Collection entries
•••••

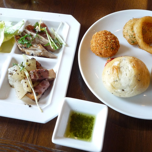ちなみにここの古城風レストラン、以前は前菜からメイン、デザート、ドリンクまで、すべてがバイキング形式で盛りだくさんだったのですが、この春メニューが一新されたらしく、前菜15種類だけがバイキングで、メインディッシュを一品選んでオーダーする形式に変わっていました。残念ながら、デザートや珈琲などは別料金。ハーブティーも、以前は色々選べたけど今は一種類だけ飲み放題です。
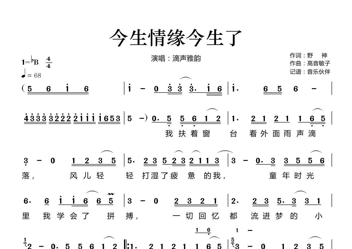 今生情缘今生了简谱 - 滴声雅韵演唱
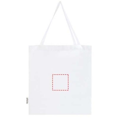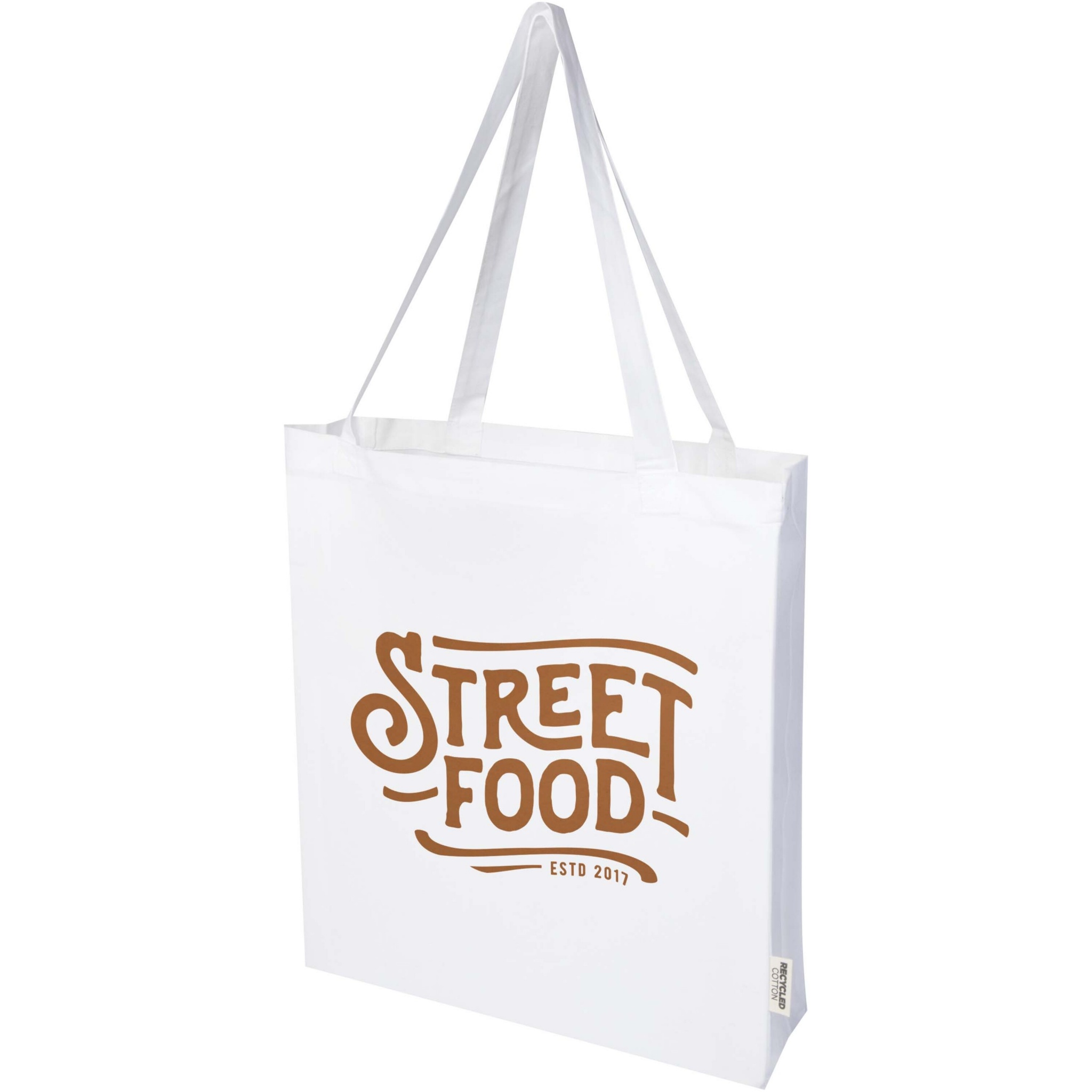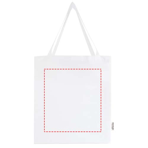 The Madras gusset tote bag made from 100% GRS certified recycled cotton is the perfect bag to give away during any event, conference or to use as a shopping bag for small groceries. The cotton density of 140 g/m² cotton makes the bag sturdy, long-lasting and suitable to carry heavy items in the main compartment. With the 30 cm long shoulder handles this tote bag is easy to carry around. The print methods available for this tote bag are also certified, making sure that the entire supply chain is transparent and certified. Made in India. Resistance up to 5kg weight.
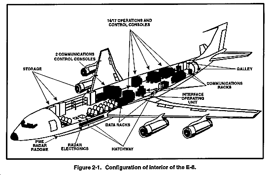 In addition to communications antennas, the E-8 aircraft has two SCDL antennas. One SCDL antenna is mounted on the top, and one is mounted on the bottom of the E-8 aircraft to provide a continual datalink to the GSM, even when the E-8 turns during flight. Figure 2-1 shows the configuration of the interior of the E-8.
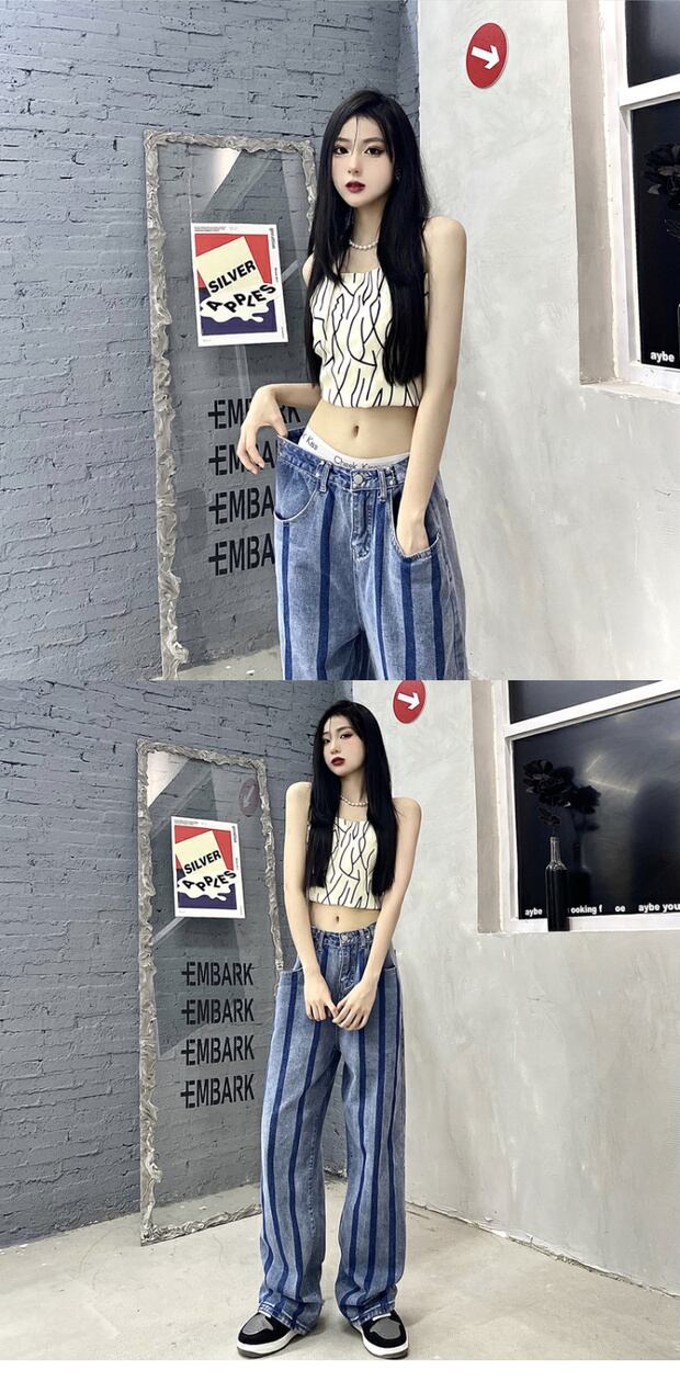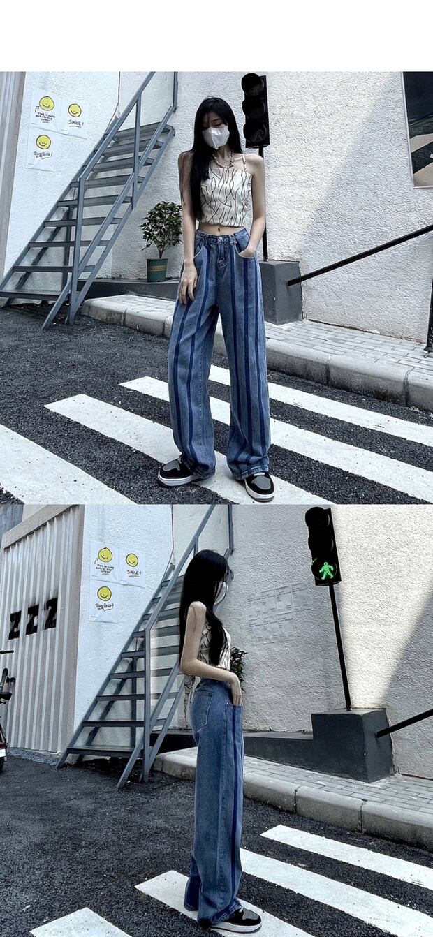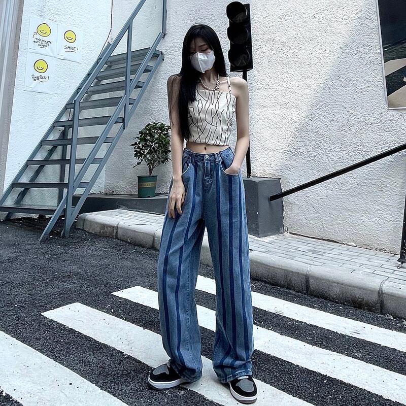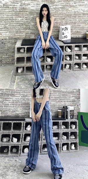 スタイルスタンダードカジュアルストライプ薄手パンツ ジーンズ レトロ ストリート かわいい ケッペル30261974212
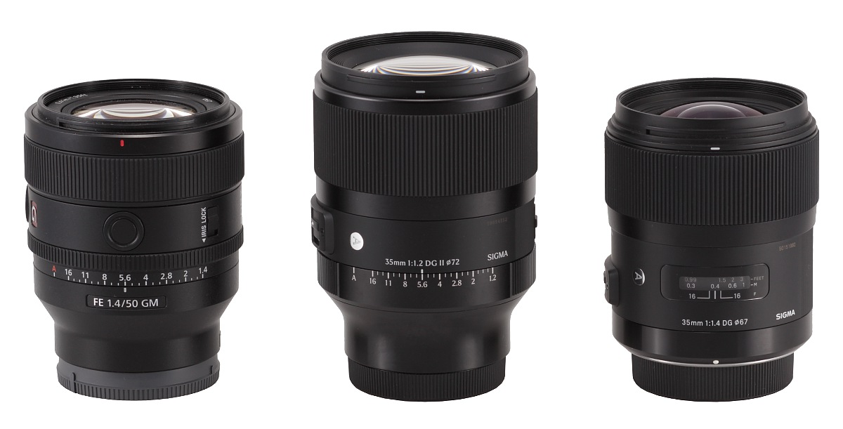 Na poniższym zdjęciu Sigma A 35 mm f/1.2 DG II stoi pomiędzy Sony FE 50 mm f/1.4 GM, a lustrzankową Sigmą A 35 mm f/1.4 DG HSM.
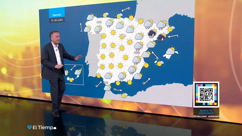 Además del calor predominará el sol mañana jueves salvo en el este de la Península, donde podrían repetirse los chubascos y algunas tormentas más frecuentes en los interiores del nordeste e incluso fuertes en la Ibérica y los Pirineos orientales. De nuevo podrían llegar las lluvia hasta el litoral catalán. También en el noroeste, debido a la entrada de aire húmedo, veremos abundante nubosidad de tipo bajo. Brumas en el Estrecho y nubes en el norte las islas Canarias contemplan el panorama meteorológico previsto para este jueves. Un panorama que se podría complicar a partir del viernes.
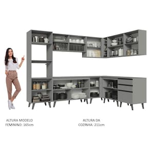 Itens inclusos: - Uma (1) Torre Quente de 60 cm com duas (2) portas e dois (2) nichos para fornos - Um (1) Aéreo de 120 cm com duas (2) portas - Um (1) Balcão de 120 cm duas (2) portas e tampo - Um (1) Aéreo de Canto com uma (1) porta e adega acoplada - Um (1) Balcão de Canto com uma (1) porta e tampo - Dois (2) Aéreos de 80 cm com uma (1) porta basculante cada - Um (1) Balcão de 80 cm com duas (2) portas e tampo - Um (1) Aéreo de 60 cm com uma (1) porta - Um (1) Balcão de 60 cm com três (3) gavetas e tampo
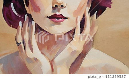 Gorgeous blonde lady touching her soft skin on cheek, studio
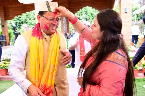 खटीमा में मुख्यमंत्री ने जमकर खेली होली, रंग-गुलाल के बीच लोकनृत्य का आनंद लिया
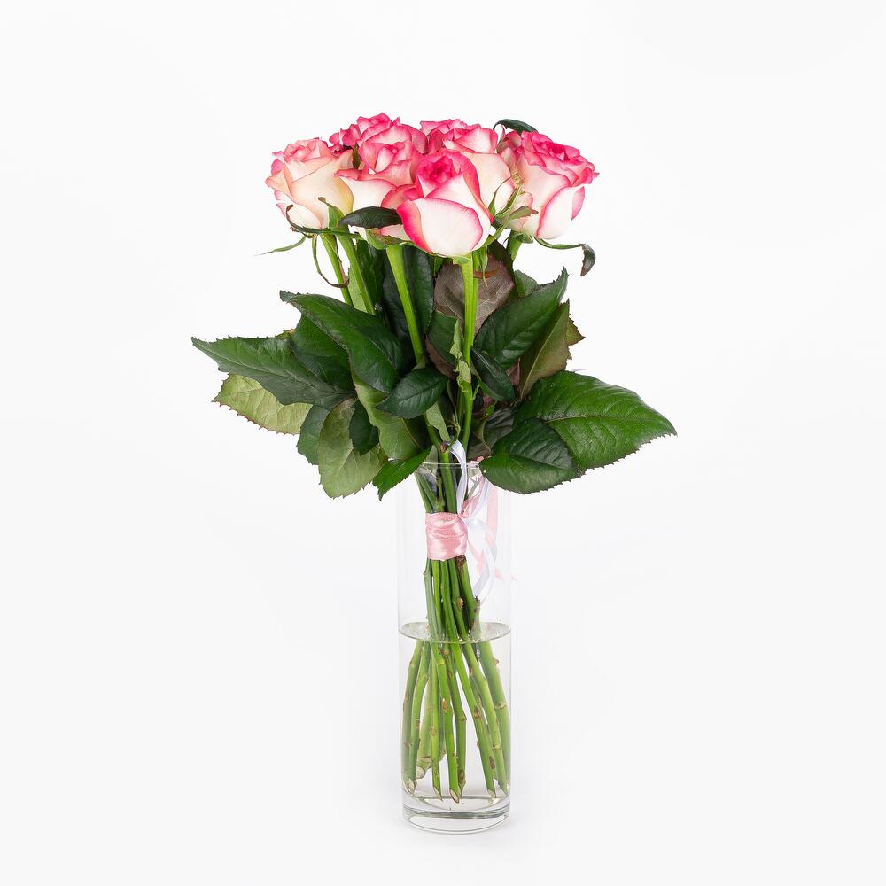 Небольшой букет из 11 бело-розовых роз Джумилия. Такой букет позволит Вам выразить свою симпатию и покорить сердце понравившейся девушки
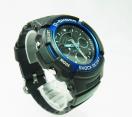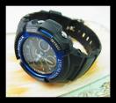 耐衝撃構造で人気のG-SHOCKシリーズ「AW-591」モデルの腕時計です。ブラックとブルーのコンビネーションがスポーティでスタイリッシュなデザイン。アナログ×デジタルのコンビネーション表示で、実用性とデザイン性を兼ね備えています。
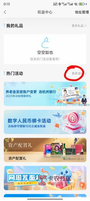首发? ? 杭州银行,我的权益,更多活动。神秘社友征集活动,点进去完成任务抽1.88到18.8立减,刚中
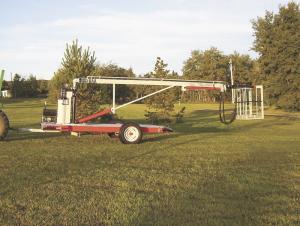 The cherry picker mounts on a 12-ft. long, 2-wheeled trailer and is equipped with three hydraulic cylinders, all of them operated by a 1 hp electric motor that can be plugged into any 110-volt, 15-amp household outlet using a 100-ft. extension cord. The largest cylinder raises and lowers the main boom. A second cylinder is used to extend the basket out 4 ft. The third cylinder is located under the trailer and is hooked up to a linkage system, allowing the boom to be rotated up to 45 degrees to the left or right of center. By adjusting the linkage, Verbeek can rotate the boom even farther to the left or right.
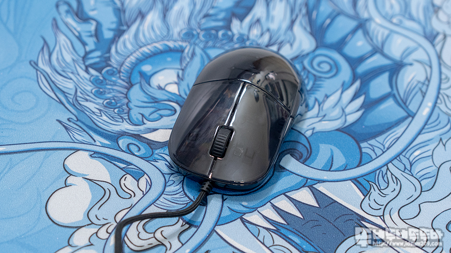 마우스 측면에 부착된 핫라인게임즈 로고 택 모습.
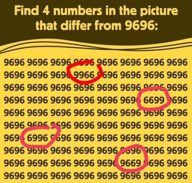 On the surface, every group of digits reads 9696, but four of them break the pattern. Will you notice the swaps, flips, or transpositions before time runs out? Challenge yourself, set a mental timer for about 7 seconds, and scan the grid carefully—only the most observant will succeed!

•••••

= WORK INSTRUCTION =
Here the job is to copy the stretch of records from the line containing "Небольшой букет из" through the line containing "首发? ? 杭州银行,我的权益,更多活动。神秘社友征集活动,点进去完成任务抽1.88到18.8立减,刚中", word for word. Leave every picture out.

= RESPONSE FOR THIS EXERCISE =
 Небольшой букет из 11 бело-розовых роз Джумилия. Такой букет позволит Вам выразить свою симпатию и покорить сердце понравившейся девушки
 耐衝撃構造で人気のG-SHOCKシリーズ「AW-591」モデルの腕時計です。ブラックとブルーのコンビネーションがスポーティでスタイリッシュなデザイン。アナログ×デジタルのコンビネーション表示で、実用性とデザイン性を兼ね備えています。
首发? ? 杭州银行,我的权益,更多活动。神秘社友征集活动,点进去完成任务抽1.88到18.8立减,刚中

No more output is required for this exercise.